Homicide Rate Falls With Community Mental Health Care

The arguments for a return to institutional-type care in the interests of public safety have been blown out of the water by a New Zealand report on mental illness and homicide, according to Chair of the Mental Health Commission Jan Dowland.

The report shows that there was a decline in the proportion of homicides committed by people with a serious mental illness in the 30 years since the transition from institutional care to community care in New Zealand.

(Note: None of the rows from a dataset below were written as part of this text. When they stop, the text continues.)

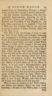 A narrative of the life and distresses of Simon Mason, apothecary : containing a series of transactions and events, both interesting and diverting.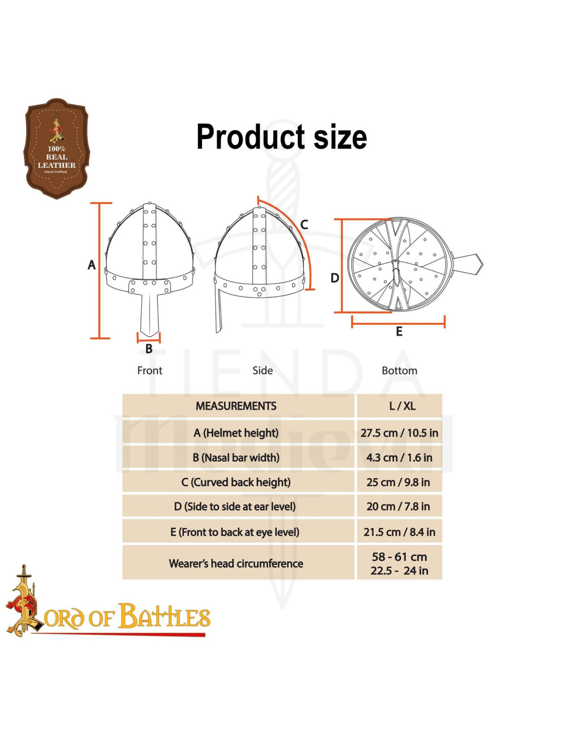 Weighing approximately 2.5 kg, this helmet is durable yet manageable, ideal for cosplay, historical reenactment, or collection. Inspired by the 11th-century Norman conquest period, its silver finish and rivet details make it an authentic piece that stands out in any display. Additionally, the 'Lord of Battles' brand guarantees quality and historical fidelity.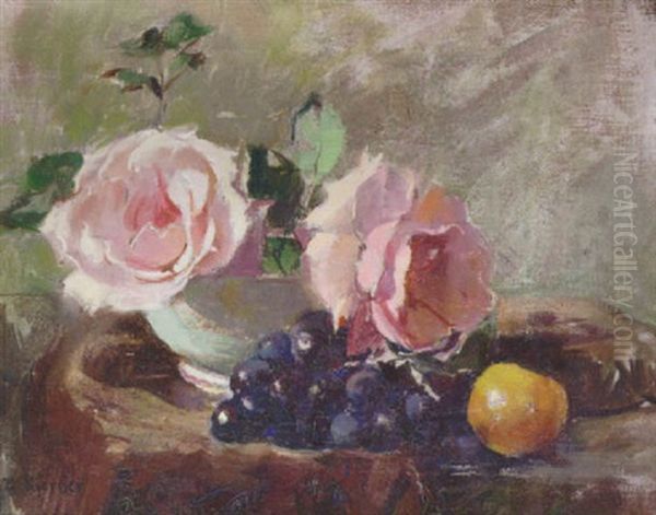 Stilleben Med Rosa Rosor Oil Painting by Esther Kjerner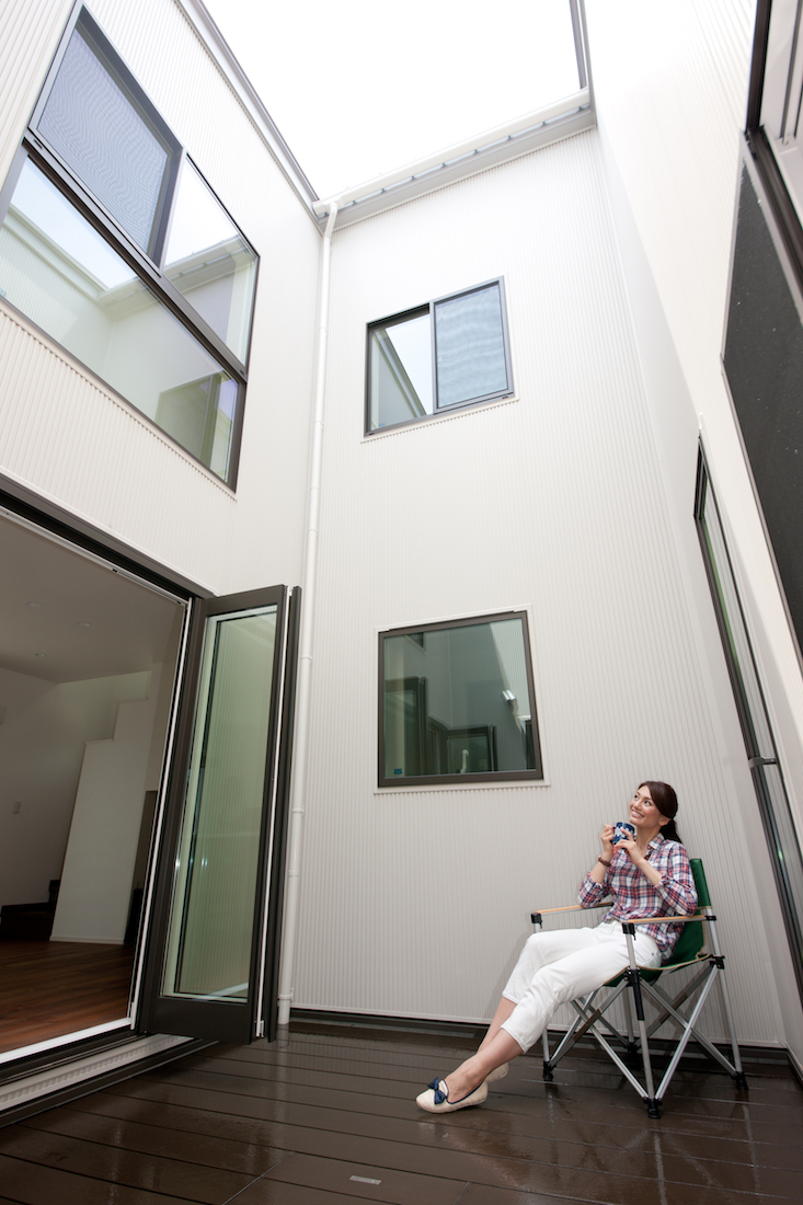 お気に入りは、光庭。光がたっぷり入り、風が通り抜けていくので、夕涼みにも良さそうですね。室内の様子が見渡せるのも安心感があります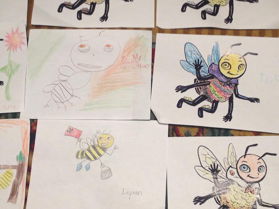 The morning began with a demonstration from the visionary behind Barclay, Olga Andreyeva, a senior illustration major at Pratt. With the aid of Photoshop and her trusty tablet, Andreyeva did several lightening-fast illustrations, causing kids to gasp as they saw the colorful characters from the comic brought to life. Ranging in age from 5-7, the children took inspiration from Andreyeva, using colored pencils and paper to create their own version of Barclay and adding in variations like a goofy striped shirt, fluttery eyelashes, and a rainbow face. The first issue of “Barclay The Bee” was then revealed and read aloud to the roomful of young Picassos.
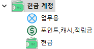 현금 계정에는 실물 현금을 등록하면 됩니다. 필요한 경우 페이, 포인트, 캐시, 마일리지 계정을 등록하면 됩니다. 계정 설정에서 닫힘으로 설정하면 잔액 계산이나 보고서에 포함되지 않습니다.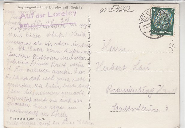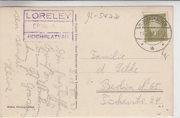 St.Goar am Rhein Hotel Restaurant auf dem Loreleyfelsen 1938

“The report confirms what the mental health sector has suspected for many years – that there is no need for the public to be concerned for personal or public safety with the move to community care,” says Ms Dowland.

The report called “Myth and Reality: the Relationship Between Mental Illness and Homicide in New Zealand”, was produced by Auckland Uniservices for the Mental Health Research and Development Strategy.

Every solved homicide in New Zealand between 1970 and 2000 was investigated in the study.

Some of the key findings were: - mentally abnormal homicides comprised 8.9 percent of all homicides in the 30-year period - across the period studied, mentally abnormal homicides fell as a proportion of total homicides from around 20 percent in 1970 to six percent in 2000

“The research undertaken for this report is very important research. While the homicide rate in New Zealand has increased, that rate of homicide by those with serious mental illness has remained static at 0.13 per 100,000 population per year,” says Ms Dowland.

“Every homicide is a tragedy. However, it is good to have research that sets out the facts and dispels myths and anxieties around those with mental illness.”